Department of Psychological Sciences, University of Liverpool, Liverpool, UK.
BMC Med Ethics. 2013 Nov 6;14:45. doi: 10.1186/1472-6939-14-45.
In 2008 UK legislation was amended to enable the use of deferred consent for paediatric emergency care (EC) trials in recognition of the practical and ethical difficulties of obtaining prospective consent in an emergency situation. However, ambiguity about how to make deferred consent acceptable to parents, children and practitioners remains. In particular, little is known about practitioners' views and experiences of seeking deferred consent in this setting.
As part of a wider study investigating consent methods in paediatric emergency care trials (called CONNECT), a 20 item online questionnaire was sent by email inviting practitioners (doctors and nurses) who were involved in talking with families about children's and young people's (aged 0-16 years) participation in UK EC trials. To ensure those with and without experience of deferred consent were included, practitioners were sampled using a combination of purposive and snowball sampling methods. Simple descriptive statistics were used to analyse the quantitative data, whilst the constant comparative method was used to analyse qualitative data. Elements of a symbiotic empirical ethics approach was used to integrate empirical evidence and bioethical literature to explore the data and draw practice orientated conclusions.
Views on deferred consent differed depending upon whether or not practitioners were experienced in this consent method. Practitioners who had no experience of deferred consent reported negative perceptions of this consent method; these practitioners were concerned about the impact that deferred consent would have upon the parent-practitioner relationship. In contrast, practitioners experienced in deferred consent described how families had been receptive to the consent method, if conducted sensitively and in a time appropriate manner.
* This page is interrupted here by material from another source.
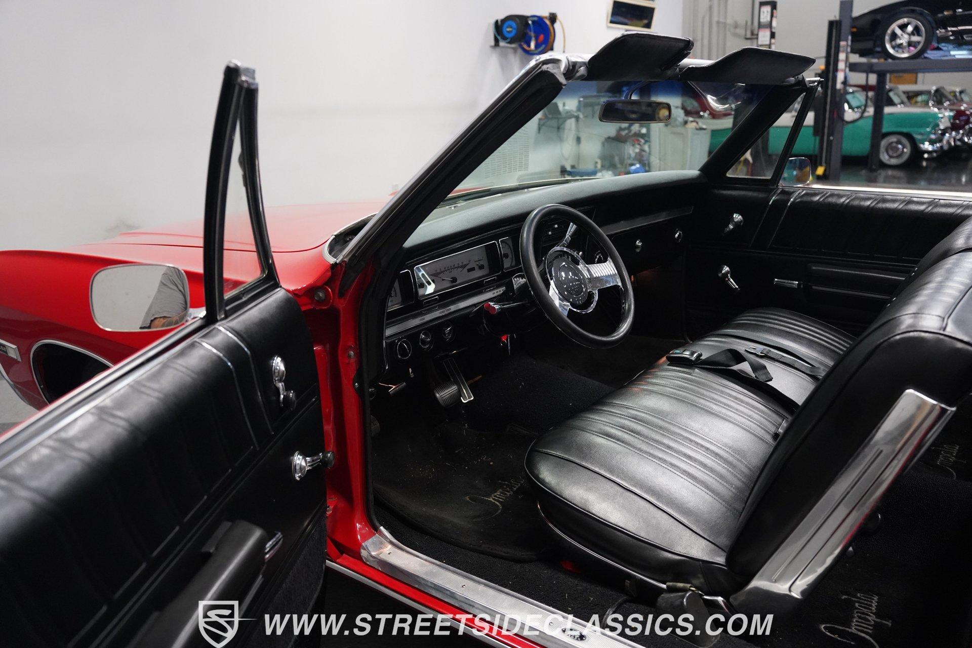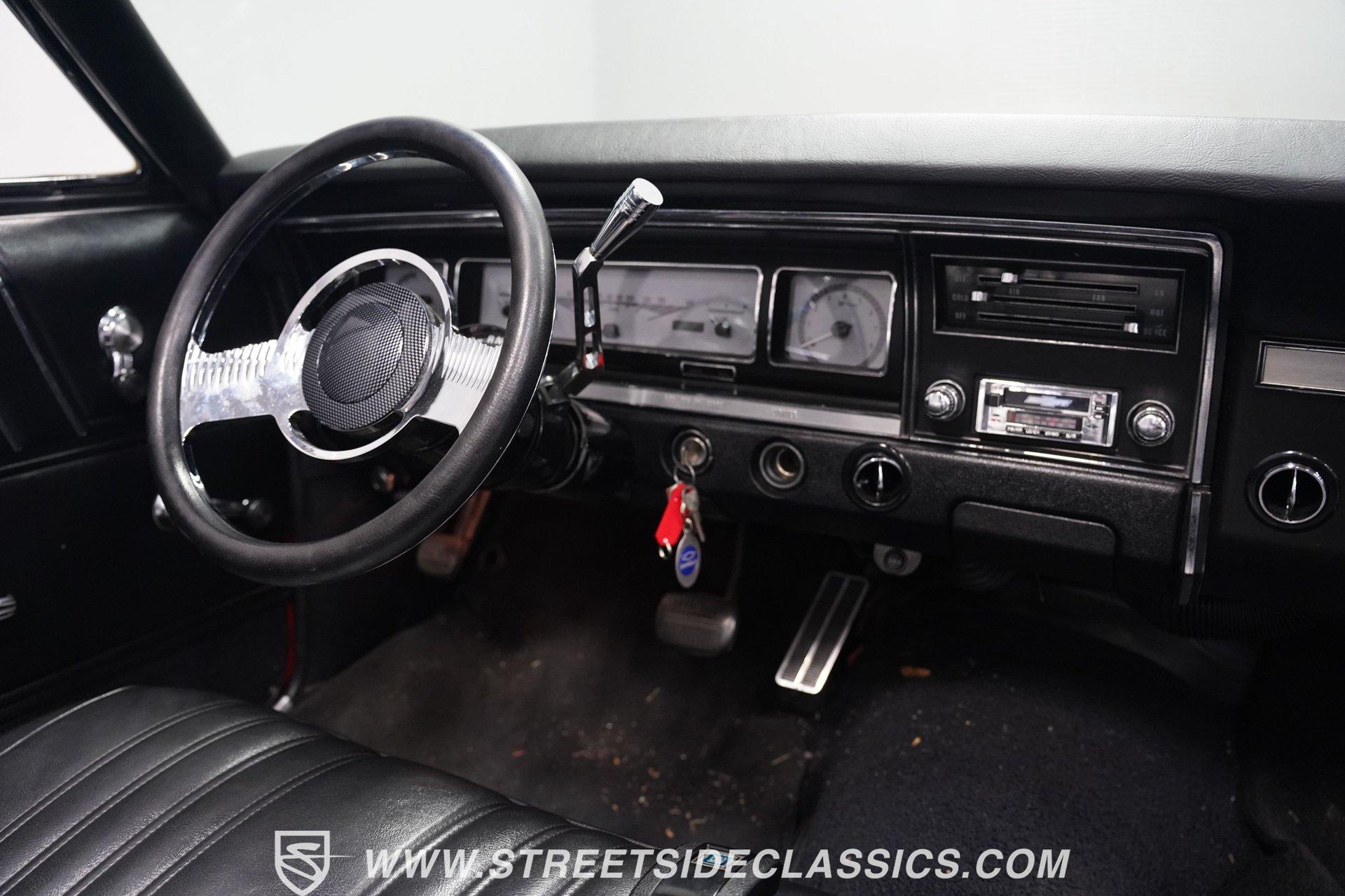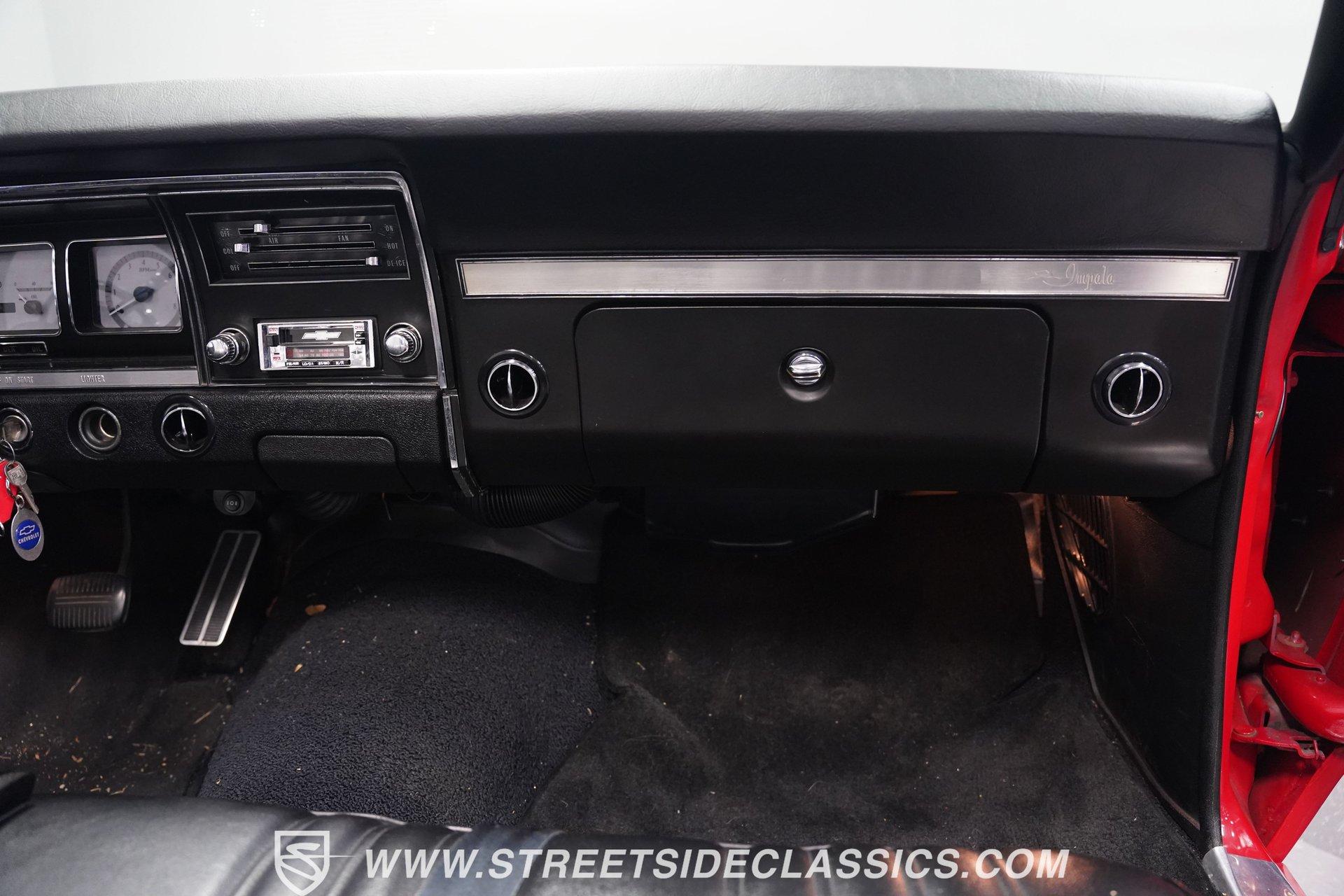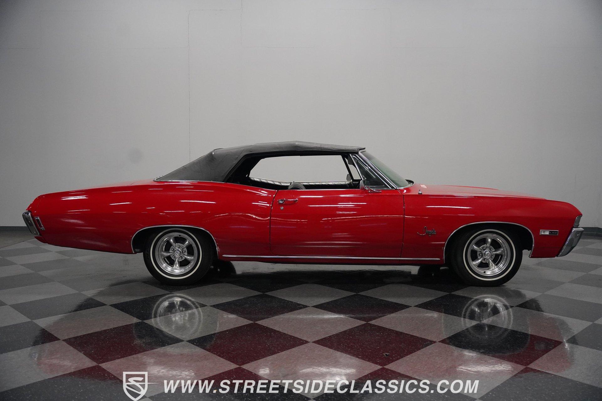Red paint flows across the body of this 1968 Chevrolet Impala Convertible LS Restomod. Black vinyl convertible top complements the exterior finish, while 15" American Eagle wheels up front and 15" American Racing wheels out back mount 205/75R15 tires. The full repaint shows well with clean panel alignment throughout the body. Black vinyl interior maintains the classic Impala character with bench seating and column shifter configuration. Dakota Digital gauges replace the original instrumentation, while a tilt column and new steering wheel enhance driver comfort. Vintage Air conditioning keeps the cabin cool, and an AM/FM radio handles entertainment duties. Black carpets cover the floor, and the vinyl seats complete the interior package. Power comes from a 6.0 Liter V8 LS2 iron block engine with Stage 2 cam, rebuilt less than 1500 miles ago. Electronic fuel injection with fuel rails and 92mm throttle body feed this motor, while a billet front runner system with serpentine belt handles accessories. The 4L60E 4-speed automatic transmission manages gear changes. Power drum brakes front and rear handle stopping duties, and the 10-bolt rear axle transfers power. Coil springs with shocks control suspension front and rear. HIGHLIGHTS: 6.0 Liter V8 LS2 Iron Block Engine (1,500 Miles Since Rebuild) Stage 2 Cam Electronic Fuel Injection with Fuel Rails 92mm Throttle Body Billet Front Runner System with Serpentine Belt 4L60E 4-Speed Automatic Transmission 10-Bolt Rear Axle Power Drum Brakes Coil Springs with Shocks Dual to Single Exhaust Aftermarket Mufflers Long Tube Headers Red Paint Black Vinyl Convertible Top 15" American Eagle Front, 15" American Racing Rear Wheels in 205/75R15 Tires Black Interior with Bench Seating Dakota Digital Gauges Tilt Column New Steering Wheel Column Shifter Vintage Air Conditioning AM/FM Radio Power Steering Restoration Completed in 2024 Dakota Digital gauges, Vintage Air comfort, and a freshly rebuilt 6.0L LS2 V8, this 1968 Chevrolet Impala Convertible LS Restomod offers both vintage appeal and contemporary reliability for weekend cruising or daily driving. Call today!

Experienced practitioners also described how deferred consent had improved recruitment, parental decision-making capacity and parent-practitioner relationships in the emergency care setting.
The views of practitioners with first-hand experience of deferred consent should be considered in the design and ethical review of future paediatric EC trials; the design and ethical review of such trials should not solely be informed by the beliefs of those without experience of using deferred consent. Further research involving parents and children is required to inform practitioner training and normative guidance on the use and appropriateness of deferred consent in emergency settings.
2008 年,英国立法修正案允许在儿科急救护理(EC)试验中使用延期同意,以承认在紧急情况下获得前瞻性同意的实际和伦理困难。然而,如何使延期同意得到父母、儿童和医务人员的认可仍然存在歧义。特别是,对于在这种情况下寻求延期同意的医务人员的观点和经验知之甚少。
作为一项研究儿科急救护理试验中同意方法的更广泛研究(称为 CONNECT)的一部分,通过电子邮件向参与与家庭讨论儿童和青少年(年龄 0-16 岁)参与英国 EC 试验的医务人员(医生和护士)发送了一份 20 项在线问卷。为了确保包括有和没有延期同意经验的医务人员,使用有目的和滚雪球抽样方法相结合的方法对医务人员进行抽样。使用简单的描述性统计来分析定量数据,同时使用恒定性比较方法来分析定性数据。共生实证伦理方法的元素被用来整合实证证据和生物伦理文献,以探索数据并得出面向实践的结论。
对延期同意的看法因医务人员是否有这种同意方法的经验而有所不同。没有延期同意经验的医务人员对这种同意方法的看法负面;这些医务人员担心延期同意会对父母-医务人员关系产生影响。相比之下,有延期同意经验的医务人员描述了如果以敏感和适当的方式进行,家庭对同意方法的接受程度。有经验的医务人员还描述了延期同意如何改善在急救环境中的招募、父母的决策能力和父母-医务人员关系。
在设计和伦理审查未来的儿科 EC 试验时,应考虑有第一手延期同意经验的医务人员的观点;这种试验的设计和伦理审查不应仅仅由没有使用延期同意经验的人的信念来决定。需要进行涉及父母和儿童的进一步研究,以为在紧急情况下使用延期同意的培训和规范指南提供信息。